Однако к концу XVII в. выявились определенные недостатки и противо­речия в методологии естествознания и обществознания, созданной этими великими мыслителями. Эти противоречия были вызваны их претензиями создать некую единую общую онтологическую картину мира. Тем самым задача развития всего последующего естествознания сводилась к доработке, уточнению и дополнению отдельных фрагментов этой единой картины.

При этом необходимо отметить следующее: пытаясь обосновать претензии философского разума на построение единой онтологической картины мира, создатели метафизических концепций допускали ряд вненаучных постулатов (например, сведение Декартом всех характеристик материального мира к протяженности, объяснение Гоббсом и Спинозой всех природных процес­сов через механическое движение и т.п.). Положение, которое сложилось в естествознании в результате господства картезианской механистической физики в середине XVII в., довольно точно охарактеризовано французским ученым этой эпохи Бугэ: «Если дело касается вихрей, один предположит эфир более плотным у центра, другой, пытаясь объяснить какое-нибудь иное явление, придаст эфиру большую плотность у периферии, третий придет к выводу об одинаковой плотности всех слоев... И после этого, снабдив объ­яснениями всё на свете, вы увидите с удивлением, что наделе ровно ничего не объяснено»I.

На наш взгляд, великие онтологические картины мира, созданные Декартом, Спинозой и Гоббсом, выполнили в XVII в. роль своеобразных строительных лесов, с помощью которых была построена основанная на математике и эксперименте наука Нового времени.

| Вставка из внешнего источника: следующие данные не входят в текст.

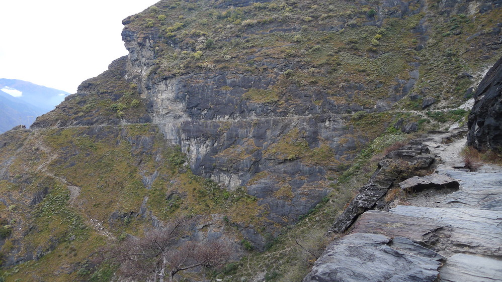 小伙儿在这里牵出了一批小马,自己骑着跟着我们继续赶路。纳西雅阁之前的这一段路还是蛮好走的,坡度不抖。沿着蜿蜒崎岖的山路不断前进。

Но для того, чтобы естес­твознание могло развиваться, уже не оглядываясь на вненаучные постулаты великих метафизиков XVII в., следовало, если так можно выразиться, де­монтировать эти строительные леса. Именно поэтому в конце XVII — начале XVIII в. начинается критика этих метафизических систем, их претензий на окончательное решение всех проблем, стоящих перед естествознанием.

Не вполне удачной была попытка Б. Спинозы, Т. Гоббса и ряда других мыслителей XVII в. создать по примеру механистической физики Р. Декарта так называемую социальную физику. Как уже отмечалось, главные усилия данных мыслителей были направлены на создание рационалистической естественно-правовой концепции, описывающей социальную реальность.

На самом же деле рационалистические естественно-правовые теории Гоббса и Спинозы находились в оппозиции по отношению к внутренне противоречивой социальной реальности XVIII в. Поэтому работы великих философов и ученых конца XVII — началаXVIII в., прежде всего Г. Лейбница, И. Ньютона и Д. Локка, направленные на разрешение противоречий, которые обнаруживались в метафизических построениях их предшественников, ока­зали глубочайшее влияние на такое европейское интеллектуальное движение XVIII в., как Просвещение и сыграли решающую роль в идейной подготовке второй глобальной научной революции и великих социальных революций конца XVIII— первой половины XIX в.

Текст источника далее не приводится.